That was the first herd of buffalo I had ever beheld. I saw many big ones afterward, but never encountered one that could compare in vastness with this mighty bison herd. The prairie seemed filled with them. They formed one dark unbroken, undulating mass that seemed bounded only at the horizon and
stretched southward as far as the eye could follow.
We proceeded cautiously across the prairie, half creeping, half crawling, keeping ourselves obscured by the tall broom weeds, which grew luxuriantly between us and the herd, until we had succeeded in approaching to within about thirty rods of the advance guard of the mighty host.
As we lay there watching the systematic arrangement and conduct of the vast herd, its divisions and subdivisions, and line of outposts, our attention was attracted by the peculiar actions of various number of one of the division which was grazing nearest to us.
First one buffalo would give a sudden jump, run a few steps, stop and look back and then, giving his body a thorough shaking would resume his feeding again, only to repeat his strange maneuvers a few seconds later. Others became affected in the same way, and one after another, they finally fell abruptly to the ground and lay motionless at full length.
“It seems to me” said I, in a whisper to Frank “that rattlesnakes must be the cause of this.”
“No.” said he, “I have heard it said that the prairie rattler can’t kill a buffalo, and even if they could, not as quick as these fellows have gone down anyhow. I never saw anything like that before in my life, and can’t understand it.”
To solve the mystery we concluded to fire into that particular bunch, which would cause them to stampede up to the main herd. We each selected a buffalo and fired. The one I had chosen was a magnificent spike bull. He fell the instant the gun cracked. The one which Frank shot at fled with his immediate companions.
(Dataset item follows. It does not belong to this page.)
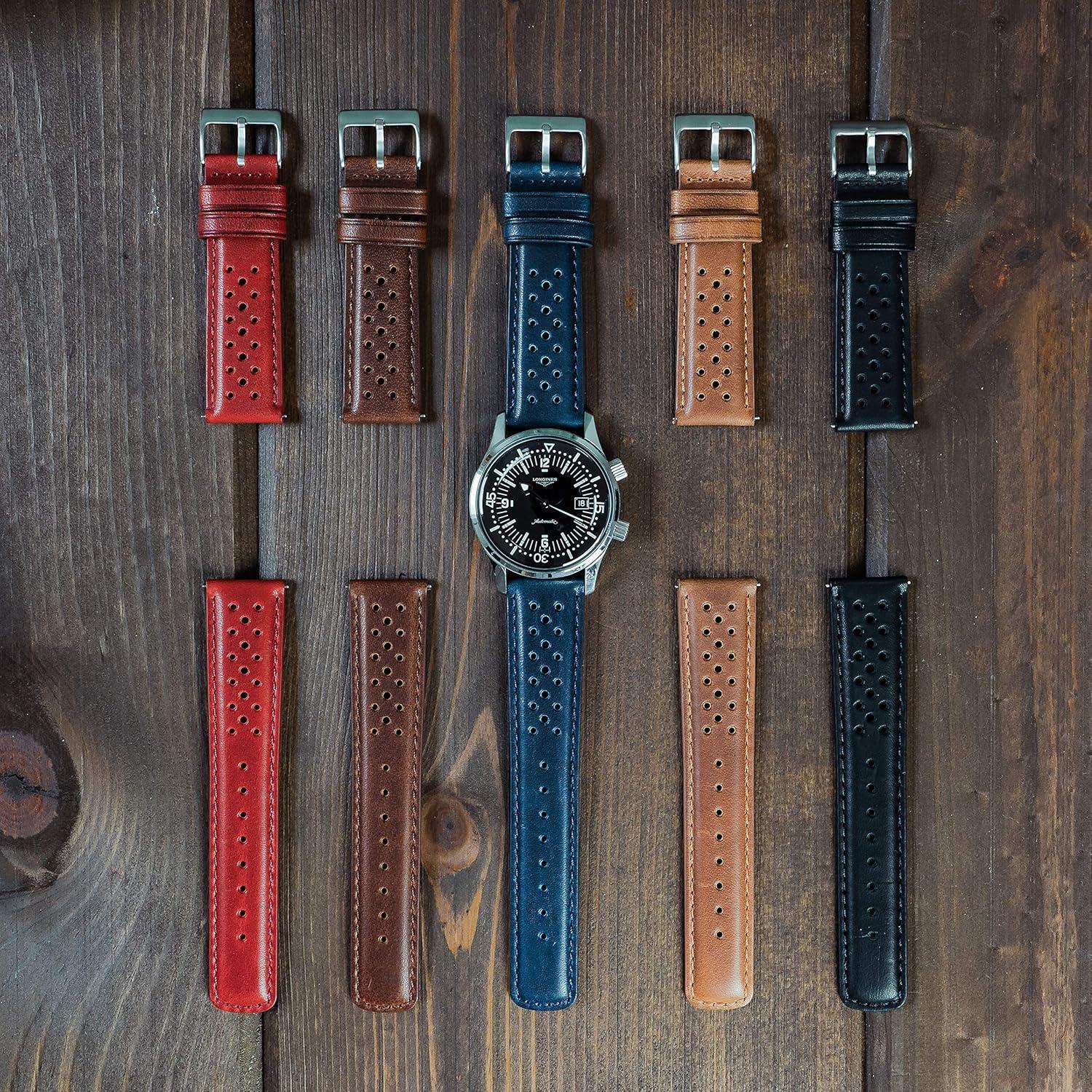 imageBarton Racing amp Rally Horween Leather Straps with Integrated Quick Release Spring Bars  Standard Length fits Wrists 5 to 818mm 19mm 20mm 21mm 22mm 23mm amp 24mm Watch Bands  Choose Strap Color amp WidthCrimson Red Racing Style

The alarm spread along the herd, and soon the vast body was thundering away to the southwest, shaking the earth by their mighty tread.
Followed by Frank I rushed up to my trophy in great glee. I put my foot on his massive neck and felt proud of my achievement.
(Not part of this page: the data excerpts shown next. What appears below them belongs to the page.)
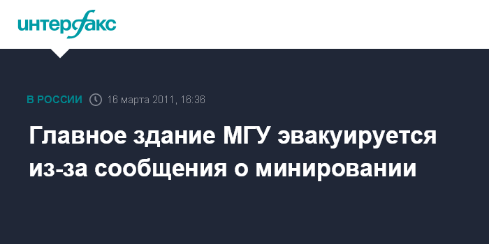 Москва. 16 марта. INTERFAX.RU - Из главного здания МГУ имени Ломоносова на Воробьевых горах эвакуируются люди в связи с поступлением анонимного сообщения о заложенной в здании бомбе, сообщили "Интерфаксу" в пресс-службе вуза.
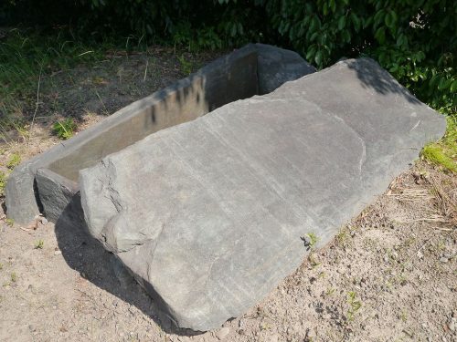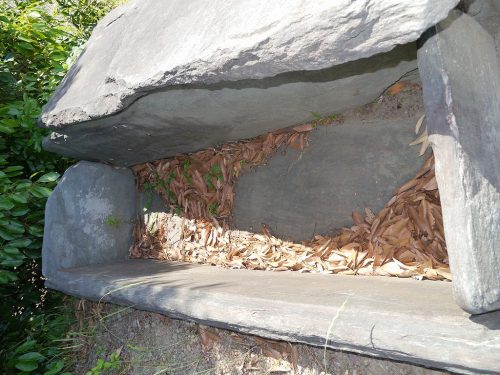 緑泥片岩でつくられた箱式石棺。埼玉県で残っているのは極めて珍しく町指定考古資料に選定されている。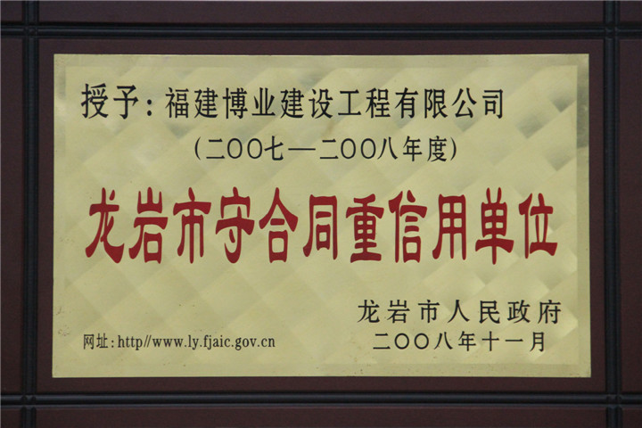 2007-2008年度龍巖市守合同重信用企業(yè)

Suddenly I looked back at Frank. He was standing stock still a few feet behind me, staring at something beyond me, in a frightened manner. I turned to see what he was looking at, and my eyes instantly became as staring wide open as his were.
There at the other side of the dead animal stood an Indian. He was at least seven foot tall, was entirely naked, except that he wore a strip of chamois around his loins, and a quiver of arrows at his side.
His eyes flashed wickedly as he drew himself up to his full height, placed his foot on the buffalo, and smiting himself on his bare breast, exclaimed in a haughty and imperious tone ”Mine boofloo!”
Before the Indian had finished making his positive claim to the buffalo, we became painfully aware that he was not alone, but that no less than eight Indians, nearly as big and ugly as himself, had appeared on the scene, as quietly and mysteriously as he had.
I had no intention whatever of disputing the red thief’s claim and I knew Frank had not. I took my foot off the dead buffalo. The Indian folded his arms and looked contemptuously as us and then exclaimed: “Tobacee?”
We interpreted this to mean that the savage wanted tobacco. Simultaneously each of us produced a big plug and reached it toward him. He took both plugs bit a chew from one, and stowed them both away somewhere in his breech cloth. Then, with a wicked leer, he waved his hand towards our white covered “prairie schooners” which could be plainly seen from where we were standing and we interpreted this motion to mean that we had better go; and we went!
The mystery of the strange actions of the buffaloes we had seen fall was now plain to us.
The Indians were provided with a complete disguise made of buffalo skins, and they were hiding in the tall broom weeds on the edge of the herd, and were picking off the choicest of them with their noiseless and deadly arrows.
We did not look back until we were half way to camp; then we saw the Indians squatted in an excited group upon the ground.
“They are gambling for our tobacco,” said Frank.
We had several days of fine sport hunting and killing the buffalo and when all the wagons were loaded our caravan made a safe return to Dallas.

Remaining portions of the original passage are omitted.